A éstos, en gran parte, debemos el conservadurismo y el puritanismo reinantes en este siglo controlado por todopoderosos señores de la guerra dispuestos a enfrentarse a perpetuidad en el vasto tablero del planeta por un poder que ya nadie se atreve a llamar por su abyecto nombre. Las similitudes ideológicas entre quienes planearon los ataques como un mazazo moral y material al corazón financiero del mundo y quienes les declararon la guerra total son innegables. El fundamentalismo cristiano y el islámico se dieron la mano a través del espacio devastado de la “zona cero” señalando al mismo antagonista como responsable moral de la masacre: la decadente vida contemporánea. El pretexto de preservar este modo de vida supuestamente amenazado servía ahora al poder hegemónico como tapadera cínica para imponer en casa una variante local de la misma moral dogmática que había concebido los atentados. En «Milenio Negro», la penúltima novela de Ballard, uno de los terroristas de clase media, de modo bastante delirante, inscribe los atentados en la lógica de un proyecto general de abolición del siglo XX: “El ataque al World Trade Center en 2001 fue un valeroso intento de liberar a América del siglo XX”.

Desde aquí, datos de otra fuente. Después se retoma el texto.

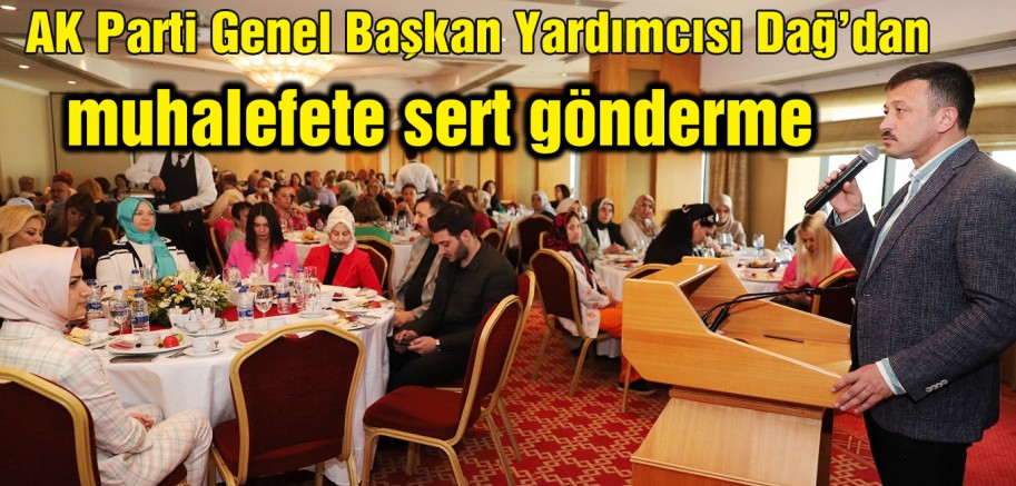 AK Parti Genel Başkan Yardımcısı Hamza Dağ, konuşmasını şu şekilde sürdürdü, ‘’ ‘Bu millet bizi anlamıyor’ demiyoruz, ‘bu millet bizi bilmiyor, bilemiyor.’ demiyoruz veya millete hakaret etmiyoruz. Birilerinin 14 Mayıs’ta çıkan neticeden sonra depremzedelere başlayarak millete hakaret ettikleri gibi bizim öyle bir gündemimiz olmadı olamaz. Kadınlar üzerinden bir propaganda yapma gayretleri vardı, biz onlara karşı hiçbir laf söylemiyoruz. Sadece İzmir’deki 2 milletvekilimizi gösteriyoruz diyoruz ki; ayinesi iştir kişinin lafa bakılmaz, siz kadınlar üzerinden bize bir şey söylemeyi bırakın. CHP’liler kendilerine bu konuda ne kadar temsiliyet verdiler nasıl bu noktada adım attılar ona baksınlar. AK Parti kadın hareketidir. Recep Tayyip Erdoğan, kadınlara her zamankinden daha fazla imkan vermeye gayret etmiştir.”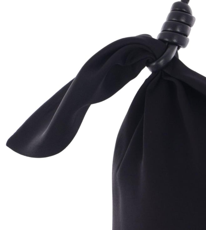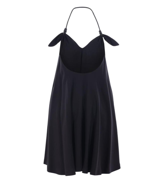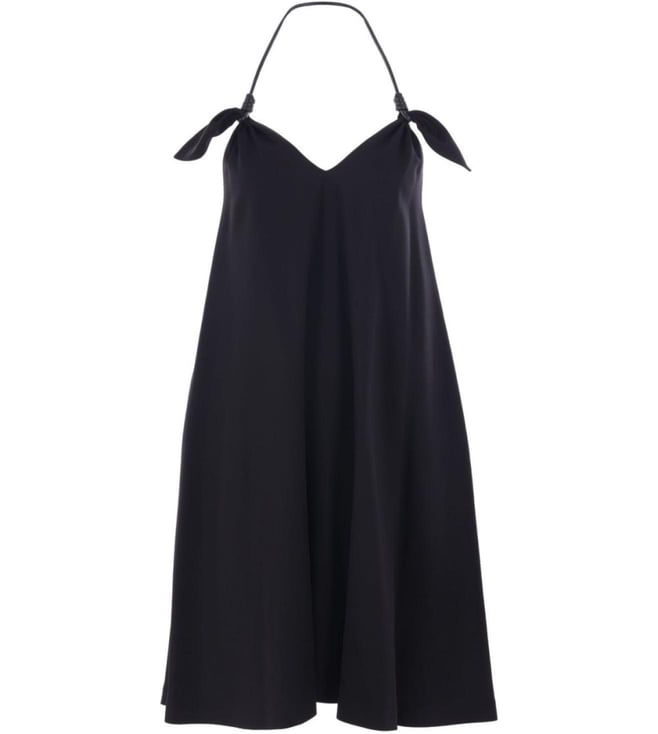 Unveil elegance with this stunning black dress, a masterpiece of modern sophistication. Crafted from a luxurious blend of viscose and elastane, it drapes effortlessly, offering a flattering silhouette. The solid black hue exudes timeless allure, while the sleeveless design and halter neck add a touch of contemporary chic. Perfectly tailored for the modern woman, its sleek closure ensures a seamless fit, making it an ideal choice for any occasion where style and grace are paramount.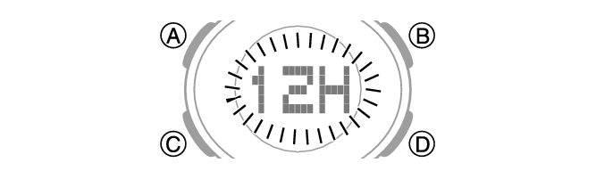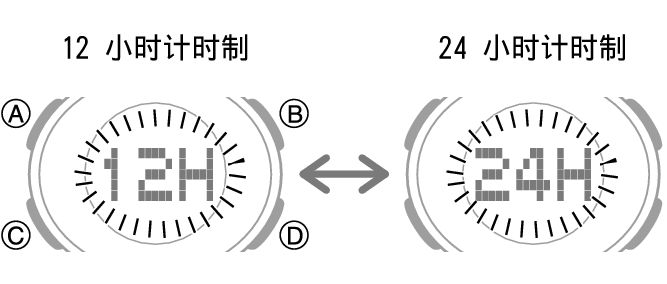 按(D)以在 [12H](12 小时计时制)和 [24H](24 小时计时制)之间切换设置。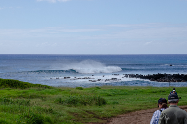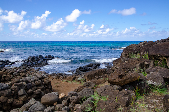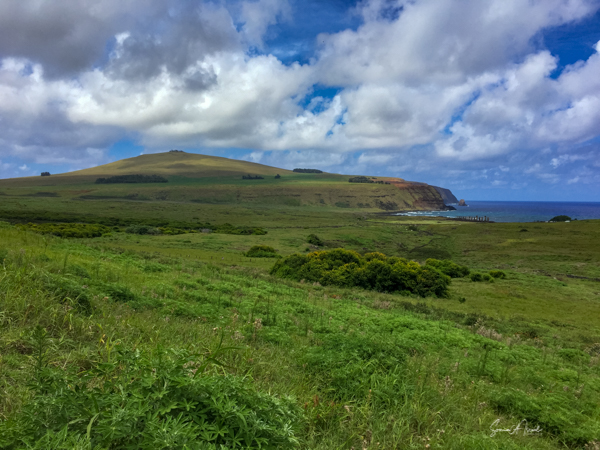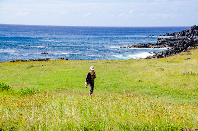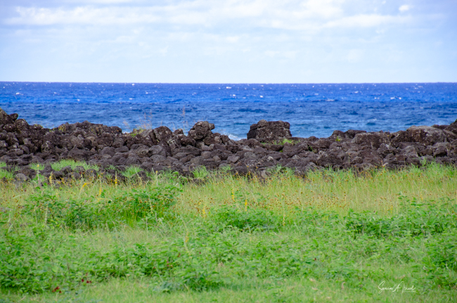 We had quickly discovered that each site was different with its own special characteristics and beauty. Vaihu (meaning “place of water”) is different in many ways. First, it is more remote than the other ahus we had visited so far. It sits on the Hanga Te’s Bay and was one of the farther sites, being about 6 miles from Hangaroa. As we walked towards it, we saw the cliffs framing the site and heard the ocean waves breaking loudly on the shore.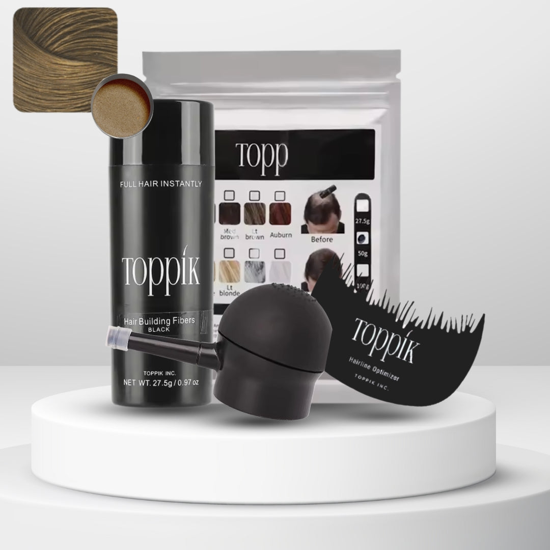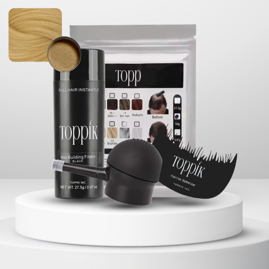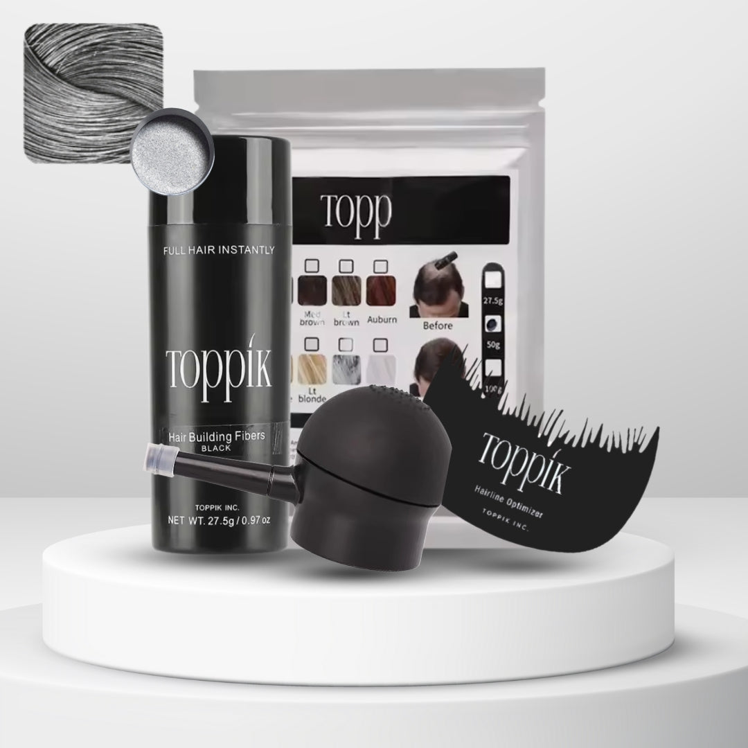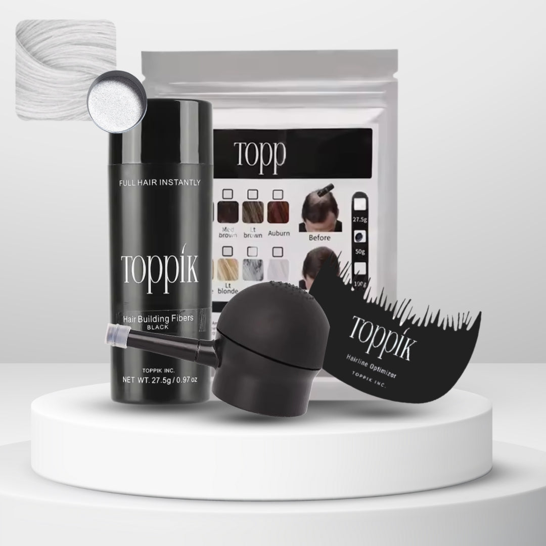 Las fibras capilares Toppik están hechas de fibras de queratina naturales y coloreadas, la misma proteína que forma el cabello humano. La proteína de queratina se deriva de una fuente natural y es casi idéntica al cabello humano.
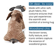 Crafted with ultra-soft, luxurious fabric that mimics the cozy feel of a winter blanket, your pooch will bask in the warmth and comfort of this deer-inspired creation.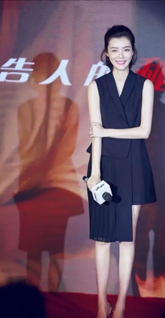 站在舞台上面灯光各方面的条件会好一些,笑起来的时候虽然露出了洁白的牙齿,但是脸上的那些法令纹看的只会更加的明显一些,身上穿的这条裙子选择的是黑色,但是下面的那一双腿感觉就像是不真实存在一样,实在是太瘦了!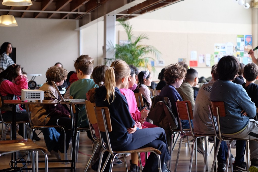 Yannis projecteert een filmpje op de muur. Het laat zien hoe de bakkers in Amersfoort een oeroude oven hebben gerestaureerd. De kinderen zijn gefascineerd en nieuwsgierig. ‘Waarom gaan de stenen niet kapot van het vuur?’ ‘Waarom ziet de oven eruit als een ijsbeerhuis?’ ‘Goede vragen,’ zegt Peik, en hij legt uit dat de stenen hittebestendig zijn en dat een koepelvorm ijzersterk is. ‘Net als een brug, die is ook altijd een beetje bol.’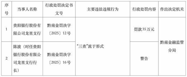 因“三查”流于形式,贵阳银行股份有限公司龙里支行被罚款35万元,陈波(时任贵阳银行股份有限公司龙里支行行长)被警告。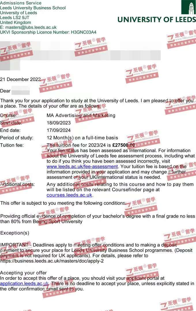 恭喜至领留学学子R同学转专业申请,斩获利兹大学(University of Leeds)广告与营销硕士(Advertising and Marketing)硕士录取!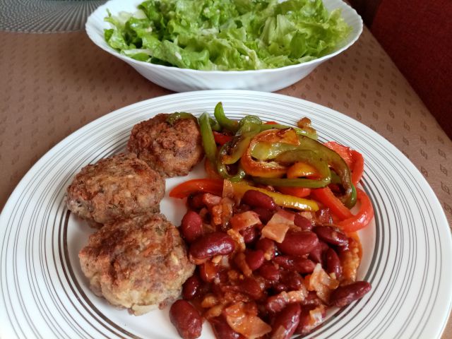 Mesni popečki, tris paprik v voku, zapečen fižol, zelena solata; skutne pogačice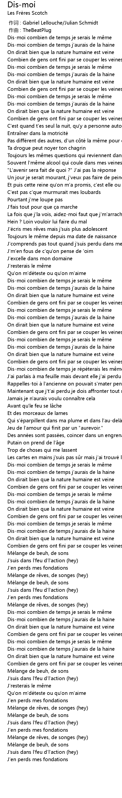 | [02:46.38] | Dismoi combien de temps j' aurais de la haine |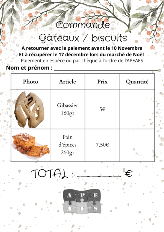 🍪Commande de gâteaux / biscuits pour l’association APEAES

Lo que ocurrió hace diez años, en suma, dejó con el culo al aire a todo un país y al sistema que lo monopoliza de modo abusivo. Fue un acto brutal por el que quedó a la vista de cuantos quisieran mirar sin escrúpulos la desnudez total de un sistema de organización del mundo fundado en incontables mixtificaciones y mitos banales. Detrás de la ostentosa fachada del World Trade Center no había nada más que otra fachada y eso ni siquiera los terroristas, creyentes en sólidos fundamentos y ontologías trascendentes, aunque devotos de la nada en el fondo de sus corazones, fueron capaces de preverlo. El acontecimiento se les fue de las manos a todos, los que lo planearon y realizaron y los que debían haberlo evitado, y todos, por tanto, quedaron con sus nalgas expuestas al aire recalentado por la combustión del queroseno de los aviones estrellados. El espectáculo mereció la pena sólo por esta revelación fundamental. Sin los dos mil ochocientos muertos, que actuaron de pantalla para un poder que los tomó como rehenes a fin de encubrir sus flagrantes insuficiencias y retorcidos intereses, lo habríamos podido ver todos con más claridad. Sin esa devastadora perturbación que suponían los cuerpos destrozados o la gente saltando al vacío desde las ventanas de las torres, no habrían podido ocultarlo con tanta eficacia.
Con su habitual provocación crítica, Baudrillard señaló acertadamente, y le llovieron insultos y descalificaciones de todas partes por tratar de ser coherente con un pensamiento tan incómodo como el suyo: “la violencia de lo mundial pasa también por la arquitectura y, por lo tanto, la oposición violenta a esta mundialización también pasa por la destrucción de esa arquitectura. En términos de drama colectivo, podría decirse que el horror...de morir en esas torres es inseparable del horror de vivir en ellas, el horror de vivir y trabajar en esos sarcófagos de hormigón y acero”. Igualmente atroz puede parecernos entonces vivir o morir sirviendo al capital transnacional como único amo y señor de nuestras vidas y destinos y recibiendo además los crueles golpes de sus enemigos conjurados. Como muestra «Milenio Negro», la desmoralización y el hastío de la clase media acabarán convirtiéndose tarde o temprano en la mayor amenaza revolucionaria para el sistema.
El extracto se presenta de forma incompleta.